Whooping Chickens

Monday, March 20, 2006

All Torted Up

My husband told me some woman has filed a suit against a major beauty company over a face cream. Apparently she had a lab analyze it and they didn’t find any elfin magic. Only normal ingredients. So she sues. How great is that? If she wins, I can sue the Gap because their denim is only ordinary cotton and doesn’t really possess the power to make me look like teeny tiny Sarah Jessica Parker – and isn’t that what they promised me? Isn’t it? Hey, even better – Angelina Jolie is modeling for St. John now – if I buy the dress, does it have something in there that will make me look like her? Or BE her? And if not, if Brad Pitt doesn’t come rushing into my arms, dropping little Maddox in a mad rush to embrace me – how much do I get? A million? Two? Neat!

What a cool game we’re playing with our expensive court system. How far can we take it? Can I sue the hospital if my ER doctor doesn’t look like Goren Visijnic? If my doctor doesn’t diagnose me as brilliantly as Dr. House? Why should I settle for boring old reality, however effective it may be, when I can sue my way to a whole new, much more attractive reality? When a judge can make it all real.

Have we had enough of this childishness yet? Have we become so addicted to a supposition of certainty in this world that we become outraged – and litigious – when we find out life is unfair, uncertain, unknowable? When we find out a salesperson – egad! -- exaggerated? Alert the press!

Only a child thinks the world is predictable and certain – and then, only a child whose parents are silly enough to let them think so, past the age of 10. Everybody else should grow up and pay attention to real problems.

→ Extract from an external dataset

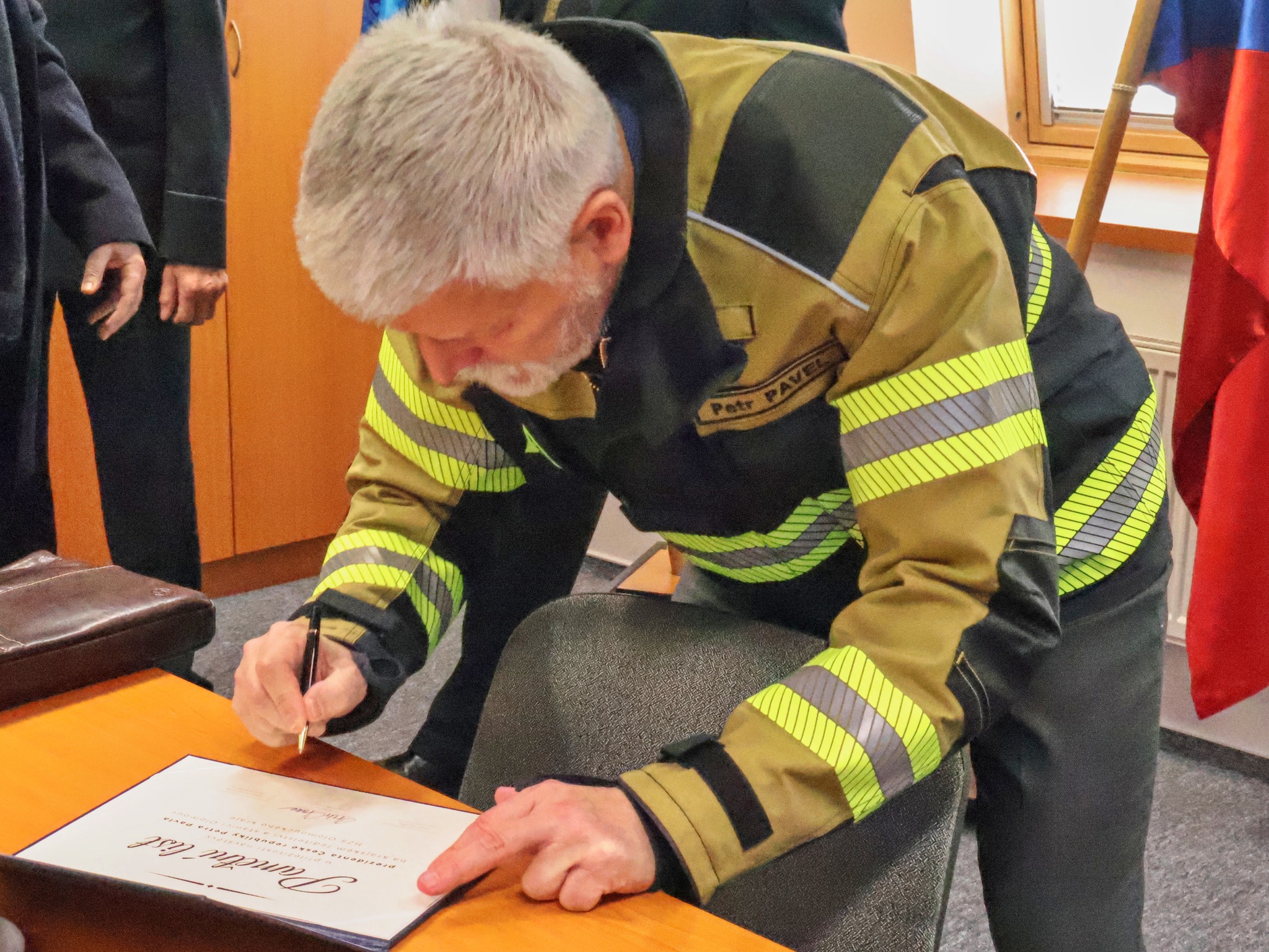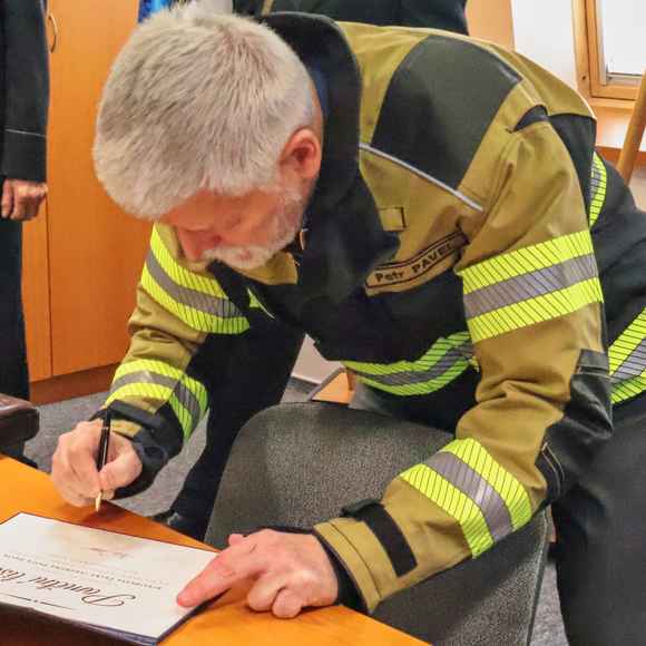 Závěr návštěvy patřil podpisu pamětního listu a předání originálního daru. Prezident obdržel zásahový hasičský oblek ušitý na míru od společnosti DEVA FM s.r.o. v netradiční barevné kombinaci, jako jedinečnou památku na setkání s olomouckými hasiči. Program uzavřelo společné focení před stanicí s výjezdovými hasiči a zásahovou technikou.

Did the cream work or not? Who knows if she even used it? She just took it to the lab for testing. Maybe if she’d tried it, and felt more attractive in the morning, she wouldn’t have cared what was in it. Sometimes it’s not helpful to pull the wings off butterflies.

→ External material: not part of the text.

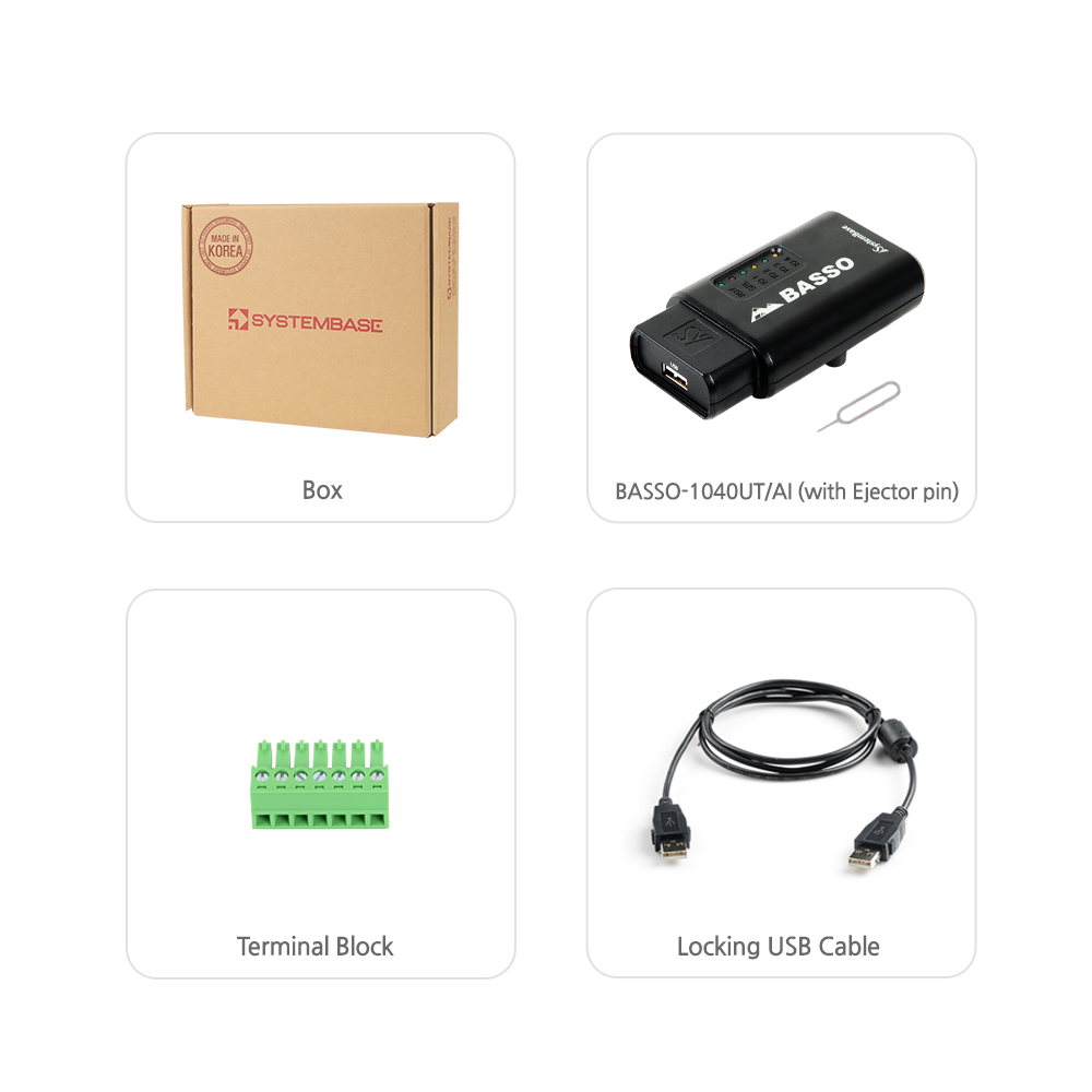 SystemBase「BASSO-1040UT/AI」は、産業現場で使用される温度や圧力などのアナログセンサーからの電圧・電流データを入力し、USBインターフェースに変換するUSB to AI(Analog Input)アナログ入力ユニットです。

For my part, I like fantasy. I find it very comforting at the end of a tiring, ordinary day. Anticipating the sight of George Clooney every Thursday on ER got me through two post-partum depressions. Tomorrow morning that nice smell in the bottle waiting for me in the shower is the only thing that’s going to get me in there for the 4011th time. And if we can’t enjoy beauty, scent, life – all the silly, lovely, imperfect, impermanent hopes we were born to fall for again and again – we have no one blame but ourselves.
Unless of course, this case sets a legal precedent.